Idempotent Automation: Why Reruns Shouldn't Scare You¶
Your workflow failed at step 47 of 50. Do you fix the issue and rerun from the beginning, or do you manually complete the remaining steps?
The Nervousness Test
If that question makes you nervous, your automation isn't idempotent. And that's a problem.
This post shares the journey to making reruns boring. For the full technical deep-dive, see the Idempotency Pattern Guide.
The Scenario That Started It All¶
It was a Friday afternoon. A file distribution workflow syncing CONTRIBUTING.md to 40 repositories had failed at repository 37. Rate limiting.
Three options presented themselves:
- Rerun from the beginning - But would it create duplicate PRs for the 36 repos that succeeded?
- Manually complete the remaining 4 - Doable, but tedious
- Wait until Monday - The coward's choice
I chose option 1. And watched in horror as the workflow created 36 duplicate PRs.
The Learning Moment
That afternoon taught me more about idempotency than any documentation ever could.
The Fix Was Embarrassingly Simple¶
One conditional check before creating PRs:
EXISTING=$(gh pr list --head "$BRANCH" --json number --jq 'length')
if [ "$EXISTING" -eq 0 ]; then
gh pr create --title "Automated update" --body "From central repo"
else
echo "PR already exists, skipping creation"
fi
That's it. Check if it exists before creating it.
But that single fix led to a rabbit hole. What about the branch creation? The commits? The push? Each operation needed its own idempotency guard.
The Rabbit Hole¶
The more I looked, the more I found:
- Branch operations needed force-reset to handle diverged state
- Change detection was using
git diffwhich doesn't see untracked files - Commits failed with "nothing to commit" on clean reruns
- Pushes needed
--force-with-leaseto handle rebased branches
Each fix was simple. The challenge was finding them all.
The Full Breakdown
See Implementation Patterns for the five patterns that emerged from this work.
The Payoff¶
Three weeks later, the same workflow failed again. Different repository, different error. Network timeout.
This time, I clicked "Re-run jobs" and went to lunch.
When I came back, everything was green. The 39 successful repos had detected "no changes needed" and skipped. The failed repo had retried and succeeded.
No duplicates. No manual cleanup. No fear.
When It's Not Worth It¶
Not every workflow needs this treatment. A one-off migration script? Just run it carefully. A local development tool? Optimize for speed, not resilience.
The Decision Matrix helps calibrate where to invest. The short version:
- High failure risk + High recovery cost = Full idempotency
- Low failure risk + Low recovery cost = Don't bother
The Cliffhanger¶
There's one thing I haven't solved yet: caches.
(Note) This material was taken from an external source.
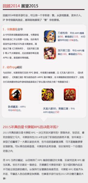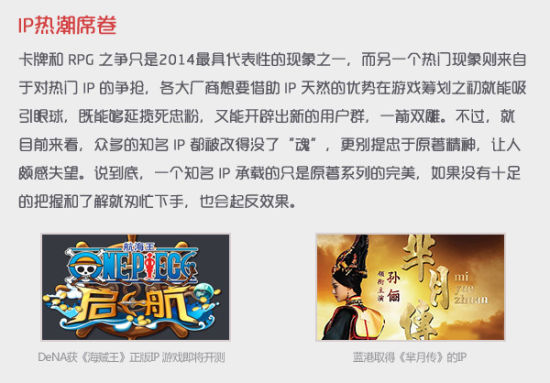 除了卡牌与RPG的争夺之外,2014年另一看点是“IP版权之战”。原著本身拥有的粉丝群,已经让大小游戏厂商垂涎欲滴——抢到一部热门作品的版权,无异于成功了一半。2014年不少手游产品打着IP的擦边球大赚了一把——虽然与原著同名,但游戏主线、副线与原著并无太多关联。进入2015年,版权管理将越来越规范、严格,玩家的口味约会越来越刁,“擦边球”已经没有太多操作空间和前景,CP们想要借助IP获利,必须要拿出真金白银与足够的诚意,同时,更要了解原著的精髓,就如当乐小编所说,再知名的IP,承载的也只是原著的完美,如果没有对原著入木三分的了解,改编出的手游产品仍然无法逃脱打酱油的命运。

What happens when your idempotent workflow depends on a cache that expired? Or a cache key that changed? The workflow that "worked fine on rerun" might fail spectacularly when the cache misses.
The Cache Test
If you deleted all caches and reran your workflow, would it still produce the same result?
That's the next frontier. For now, see Cache Considerations for the traps I've identified.
Start Here¶
If you're dealing with flaky reruns:
- Read Pros and Cons to understand the tradeoffs
- Score your workflow with the Decision Matrix
- Apply the relevant Implementation Patterns
- Test it by running twice
Your workflow failed at step 47. You fixed the bug, clicked rerun, and went to lunch. When you came back, everything was green. That's the power of idempotent automation.